More than ninety per cent of the works in the sale sold within or above their estimates, some fetching prices far in excess of expectations. Piero Manzoni's Achrome of 1959 for example, one of the masterpieces from his most important series, sold for £876,000 more than double its pre-sale estimate of £300,000-400,000*. Similarly Roy Lichtenstein's exquisite large pencil drawing Temple of Apollo, executed in 1964, which sold for £545,600, more than three times the pre-sale low estimate of £150,000. The price is also a new auction record for a work on paper by the artist. This drawing was from the collection of Jean-Yves Mock, as was the Soup Can drawing by Andy Warhol, which fetched £545,600, against an estimate of £120,000-150,000 - also a record for a work on paper by the artist.

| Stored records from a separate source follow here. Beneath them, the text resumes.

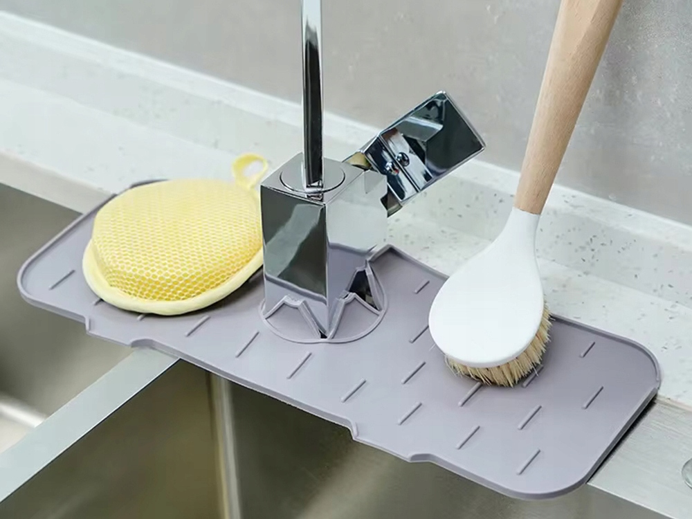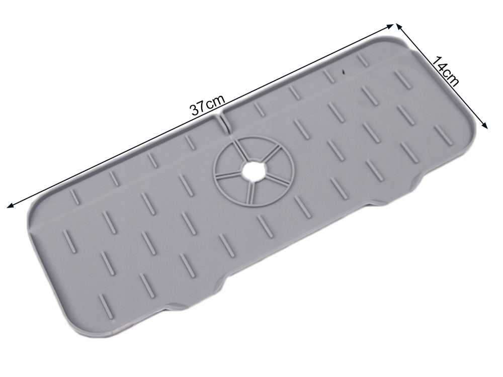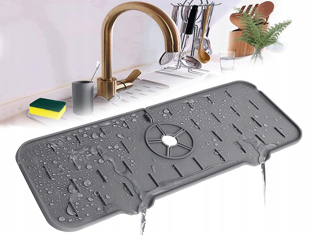 Silikónová podložka pod drez je praktický kuchynský doplnok, ktorý chráni pracovnú dosku pred vodou a vlhkosťou, ktorá sa hromadí okolo vodovodného kohútika. Vďaka univerzálnemu otvoru sa hodí na väčšinu štandardných vodovodných batérií s priemerom do 60 mm a flexibilný materiál umožňuje perfektné prispôsobenie. Poskytuje nielen ochranu, ale aj pohodlné miesto na odkladanie špongií, kefiek a iného kuchynského príslušenstva.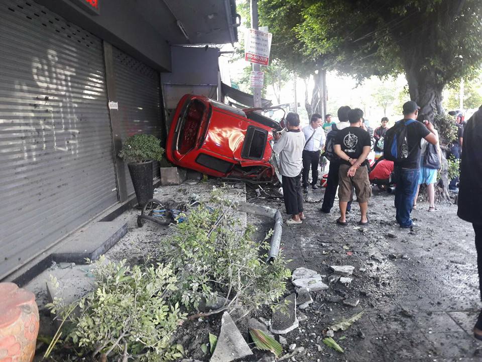 รถยนต์ชนต้นไม้ข้างทาง ก่อนพุ่งขึ้นบนฟุตบาท มีผู้บาดเจ็บ 4 คน ที่ปากซ.ลาดพร้าว97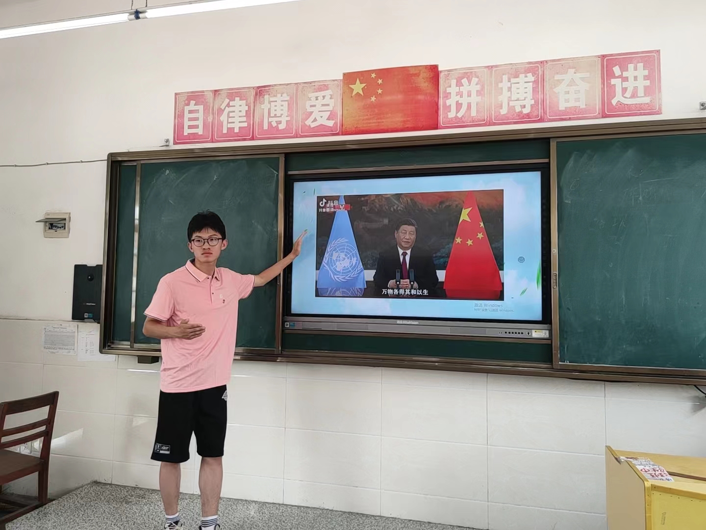 张成同学为小朋友介绍习近平总书记关于生态环境保护的重要讲话
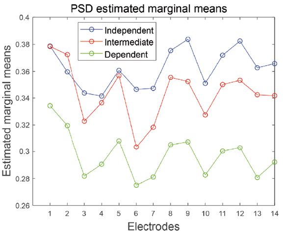 Regarding the test of inter-subject effects, the data show that there are no significant differences in silent speech using vowels /a/ - /u/, in the PSDs generated from the different electrodes due to the subjects’ cognitive styles (F (2,48) = 0.75, p = 0.477, η2 = 0.030) (Figure 7).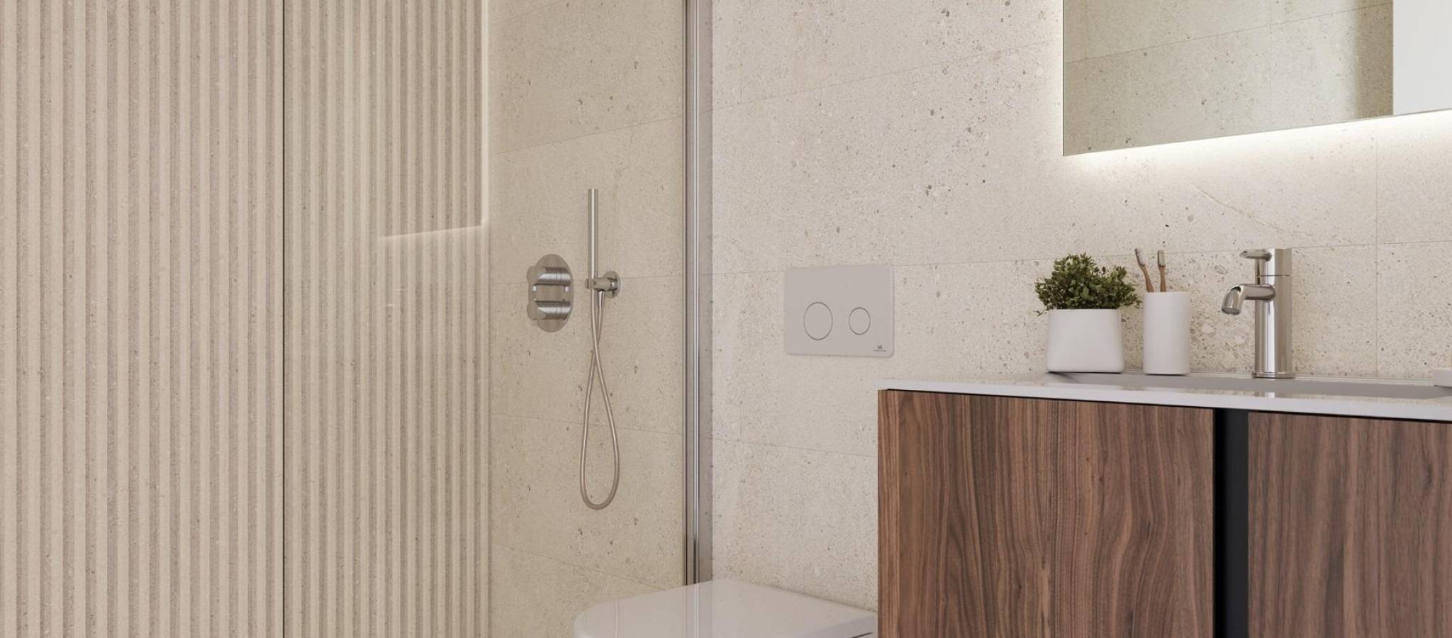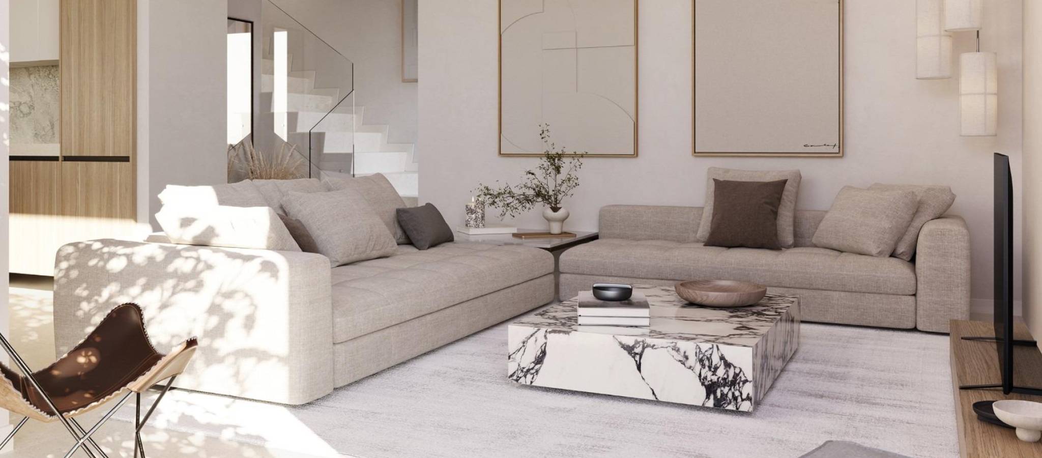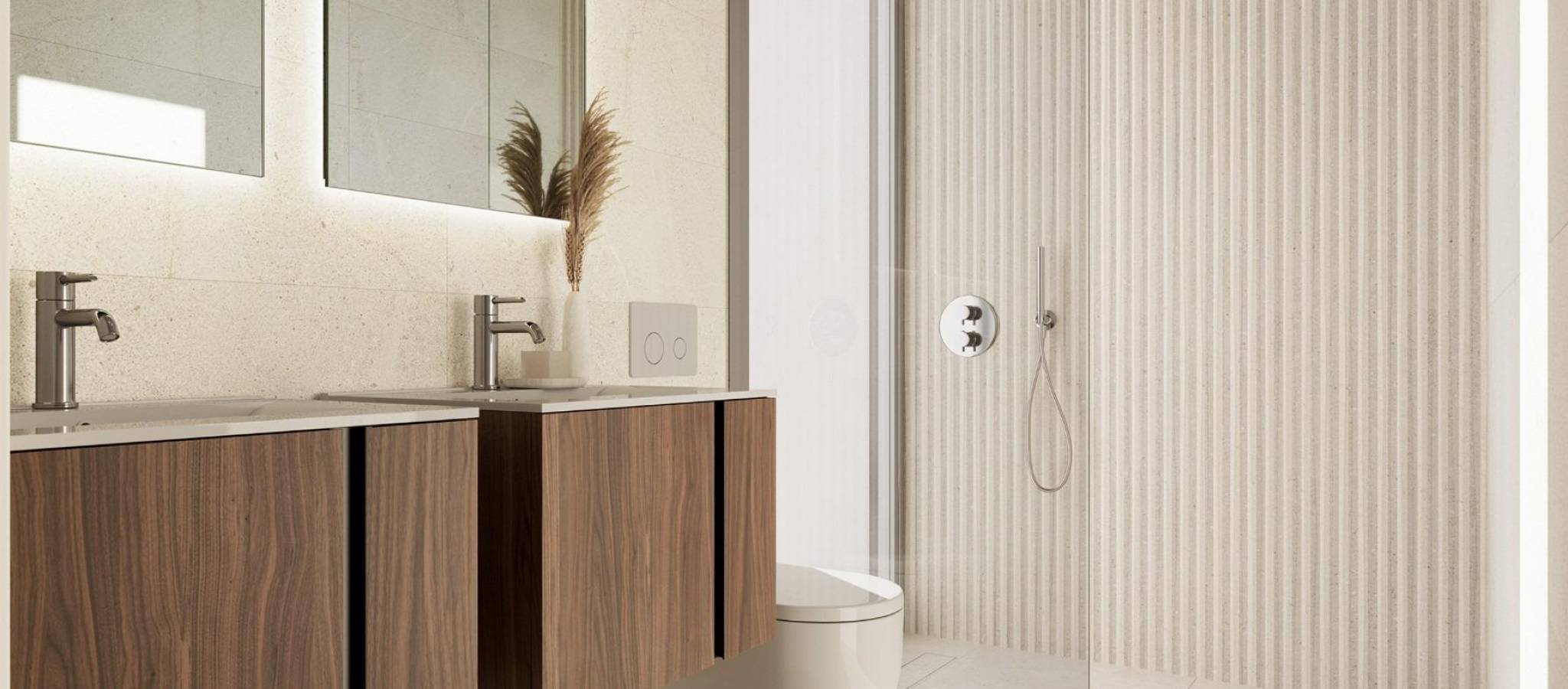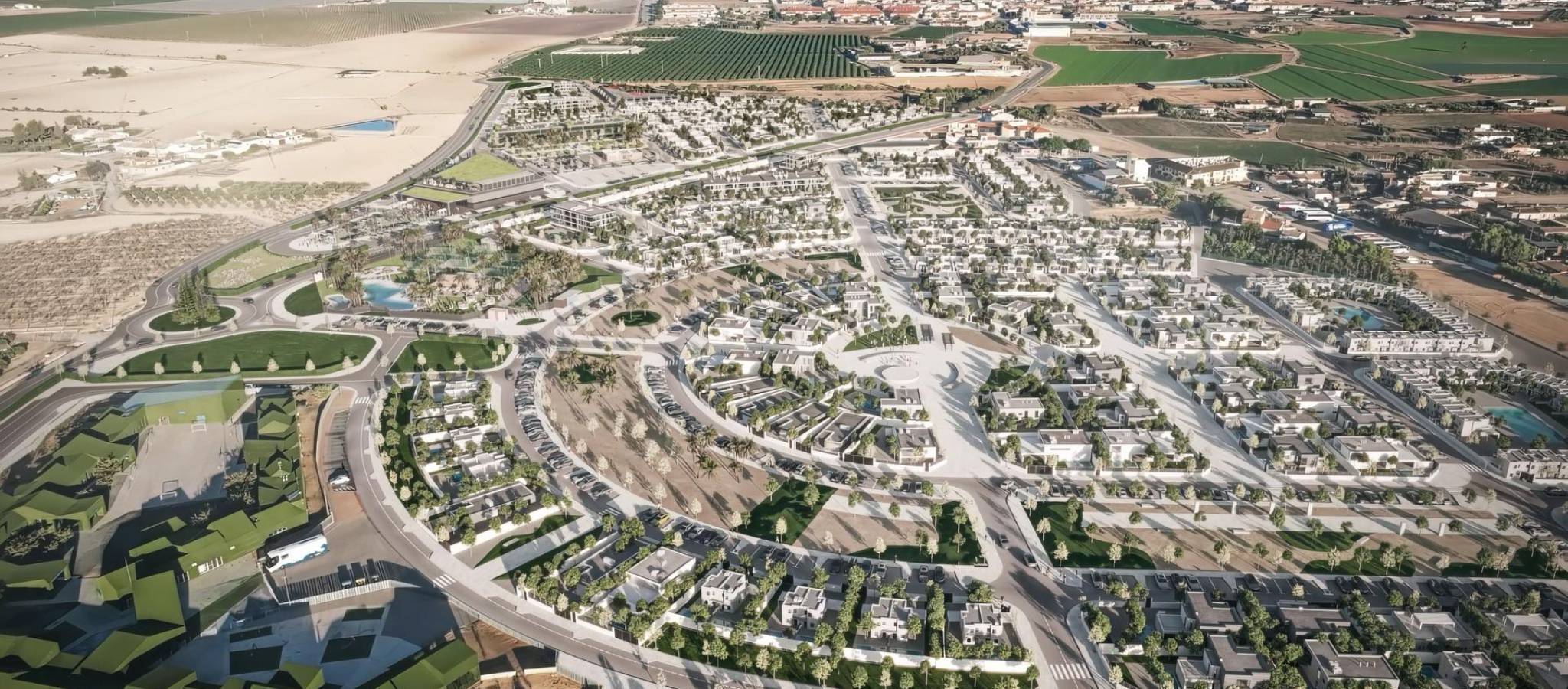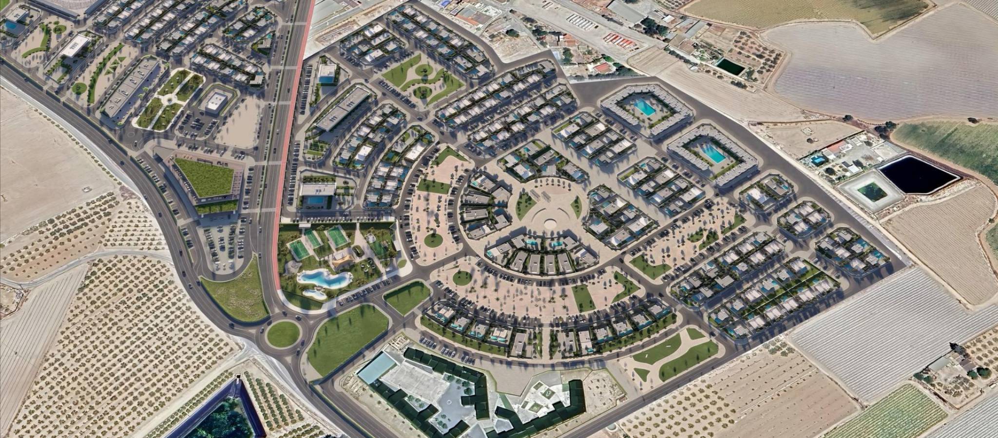Nybyggede villaer på El Alba Mediterranean Resort i Torre Pacheco Moderne livsstil i et voksende ferieanlegg Oppdag dette eksklusive nybyggprosjektet med kun 6 uavhengige og semi-uavhengige villaer i El Alba Mediterranean Resort i Torre Pacheco, Murcia. Dette nye boligområdet kombinerer moderne arkitektur, fritidsfasiliteter og en avslappet middelhavsstil. Området ligger mellom Terrazas de la Torre Golf Club og byen Roldan, og tilbyr ro og fred samtidig som det ligger nær alle nødvendige tjenester, inkludert supermarkeder, restauranter, barer og banker. Moderne villaer med privat uteplass Disse moderne villaene er fordelt på to etasjer og tilbyr et valg mellom 2 eller 3 soverom og 2 bad. Hver bolig har et åpent kjøkken og stue som er designet for å maksimere naturlig lys og komfort. Første etasje har åpne terrasser som er ideelle for å nyte det milde klimaet, mens første etasje åpner ut mot en privat hage med svømmebasseng. Parkering er tilgjengelig på hver private tomt. Interiøret er elegant og funksjonelt, noe som gjør disse boligene ideelle for permanent opphold, feriebruk eller investering. Soverommene er utstyrt med innebygde garderober med skuffer, og badene er fullt utstyrt med møbler, speil og dusjvegger. Høykvalitets spesifikasjoner og finish Alle villaene er bygget etter høye standarder med kvalitetsmaterialer og finish. Kjøkkenene er fullt møblerte og utstyrt med hvitevarer, mens Porcelanosa-finish er brukt i kjøkken, bad og fliser, noe som gir et eksklusivt preg. Ytterligere funksjoner inkluderer utvendig snekring med termisk isolasjon og doble vinduer, motoriserte persienner i soverommene og forhåndsinstallert luftkondisjonering. Hver bolig har også et privat svømmebasseng. Fasiliteter på ferieanlegget og lokale bekvemmeligheter El Alba Mediterranean Resort tilbyr et utmerket utvalg av fellesfasiliteter designet for alle aldre. Beboerne kan nyte et klubbhus med restaurant og avslapningsområde, felles svømmebasseng, bowlingområde, paddlebaner og en lekeplass for barn. Et lite kjøpesenter er under utvikling på ferieanlegget, noe som gir ytterligere bekvemmelighet med butikker og tjenester i nærheten av hjemmet. Utmerket beliggenhet nær golf, strender og flyplasser Resortet er omgitt av flere prisbelønte golfbaner, noe som gjør det til et attraktivt alternativ for golfentusiaster. Strendene i Mar Menor ligger omtrent 15 km unna, og tilbyr rolige farvann og et bredt utvalg av vannsport. Murcia internasjonale lufthavn ligger bare 20 km unna, mens Cartagena ligger rundt 30 km unna og Murcia by omtrent 40 km unna. Alicante lufthavn ligger omtrent 90 km unna. Enkel tilgang til motorveinettet gjør det mulig å reise raskt og bekvemt gjennom hele regionen. Ditt nye hjem på Costa Calida Disse nybygde villaene i El Alba Mediterranean Resort tilbyr utmerket verdi, moderne design og en strategisk beliggenhet nær golf, strender og tjenester. Kontakt oss i dag for å få mer informasjon eller for å avtale en visning og sikre deg en plass i dette spennende nye prosjektet i Torre Pacheco.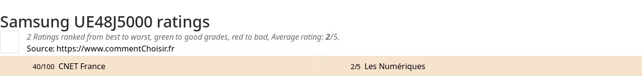 | 10/10 RTings | 40/100 CNET France | 2/5 Les Numériques |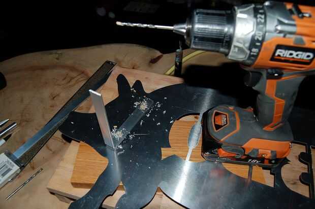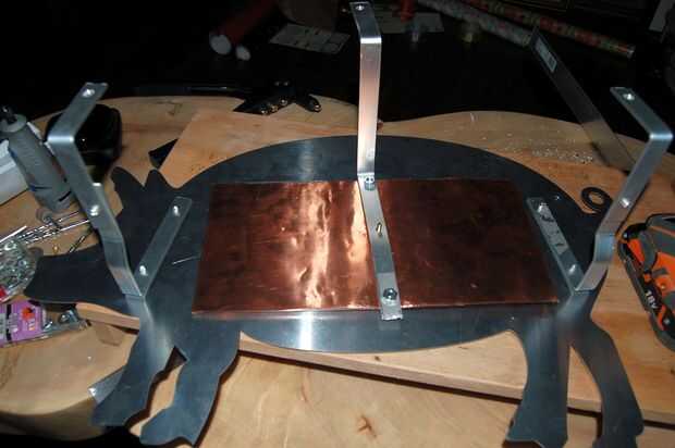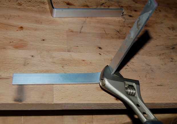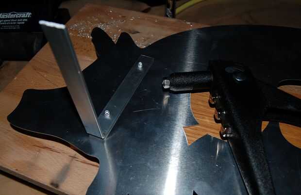 Usar una pistola de remache manual, había clavado los soportes al cerdo asegurándose de que era el lado "limpio" del remache en la parte exterior de la muestra. Si nunca has usado una pistola de remache antes de que lo recomiendo para este tipo de trabajo ya que es rápido, fácil y da un acabado agradable, limpio que todavía tiene un toque industrial.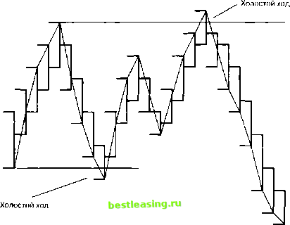 тенденции. Еще один вариант этого приема - размещать все стопы над вершиной основной тенденции. Это стиль торговли решительного трейдера. Она должна начинаться на экстремально высоком или исторически высоком ценовом уровне. Этот способ торговли напоминает перевернутую пирамиду из-за ширины на вершине и сжатости в основании, потому что у трейдера есть альтернатива ликвидации позиций по мере движения рынка вниз. Пирамидная продажа, использующая комбинацию индикатора промежуточной тенденции и индикатора основной тенденции. Четвертый способ войти в рынок - это создать позицию в тот момент, когда рынок пересекает основание последнего основного колебания. Дополнительные шорты добавляются к короткой позиции, для чего используется график промежуточного или двухдневного колебания. Вовлекаются все сделки, генерируемые графиком промежуточного колебания, которые совпадают с направлением основной тенденции. Защитные остановки размещены над основными вершинами для шортов основной тенденции и над промежуточными вершинами для короткой позиции промежуточной тенденции. Еще один вариант этого приема - размещать стопы только над главной вершиной. Это стиль торговли решительного трейдера. Она должен начинаться на экстремально высоком или исторически высоком ценовом уровне. Этот способ торговли напоминает перевернутую пирамиду из-за ширины на вершине и сжатости в основании, поскольку у трейдера есть альтернатива ликвидации позиций по мере продвижения рынка вниз. Перевернутая пирамида продаж В зависимости от того, насколько решителен трейдер и насколько он уверен в своем анализе рынка при определении истинно экстремального уровня, он может начинать свою позицию с так называемой перевернутой пирамиды . Правильная пирамида начинается благодаря длинному сигналу к покупке и характеризуется большим объемом позиции возле основания и меньшим объемом возле вершины. Перевернутая же пирамида начинается благодаря короткому сигналу и характеризуется большой позицией возле вершины и меньшей позицией возле основания. Трейдеры, применяющие этот метод, должны уметь квалифицированно рассчитать поддержку, чтобы успешно ликвидировать позиции на соответствующих ценовых уровнях. Эти точки поддержки могут являться различными комбинациями бывших промежуточных оснований, особенно если спад начался после резкого подъема. Дополнительными и выгодными точками поддержки могут являться точки процентной коррекции и углы Ганна от предыдущих оснований, если таковые определяются. Такие дополнительные точки поддержки будут рассматриваться в следующих главах. ОТРИЦАТЕЛЬНЫЕ СВОЙСТВА ГРАФИКА КОЛЕБАНИЙ Пилящий рынок Самый большой отрицательный фактор, который влияет на трейдера и генерируется от графика колебаний, это - пилящий рынок. Так называемая лила - это серия ложных изменений в тенденции, характеризуемая подъемами и спадами, которые не развиваются потом вверх или вниз, а изменяют направление после одного или двух баров, следующих за последним изменением в тенденции. Для того, чтобы предотвратить их появление, необходимо установить фильтры. Таким фильтром может быть просто увеличение величины защитных остановок, размещаемых над вершиной и под основанием. Для этого требуется, чтобы рынок сделал минимальное ценовое движение перед те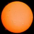 Soarele este steaua sistemului solar și de departe cel mai important component al acestuia. Masa sa mare (egală cu 332.900 de mase terestre)[52] produce în nucleul său temperaturi și densități suficient de ridicate ca să susțină fuziunea nucleară,[53] care eliberează o cantitate enormă de energie, din care cea mai mare parte radiază în restul sistemului sub formă de radiații electromagnetice, cu vârful situat în spectrul de 400-700 nm al luminii vizibile.[54]

Zao Wou-Ki's Bateaux au Claire de la Lune fetched £512,000, nearly four times the low estimate of £150,000, whilst Paysage à Agrigente, by Nicolas de Staël, sold for £792,000, against a pre-sale estimate of £500,000-700,000. The painting was the very first of a famous cycle of Agrigente paintings inspired by Sicilian light, which coincided with de Staël's rapid rise to fame in America, just two years before his tragic death.
The top lot of the sale was Lucio Fontana's Concetto Spaziale of 1963, from La Fine Di Dio series, which sold for £1,016,000. Executed over an eighteen-month period of enlightened, mature expression between 1963 and 1964 when Fontana was at the peak of his creative powers, this work epitomise the dynamic complexity and spirituality of his oeuvre.
There were two works in the sale by Jean-Michel Basquiat, both of which fetched £680,000. Untitled, a stark portrait of a horned, masked figure, and Kings of Egypt I, were both executed in 1982.
In addition to the records set for Lichtenstein and Warhol, there were four further records this evening. They were: Franz Ackermann's Evasion VI, which sold for £153,600; Glenn Brown's Beatification, which made £198,400
Sol LeWitt's Three Dimensional Modular Grid, which sold for £276,800; Grayson Perry's Isn't that Damien Hirst over there, which sold for £54,000.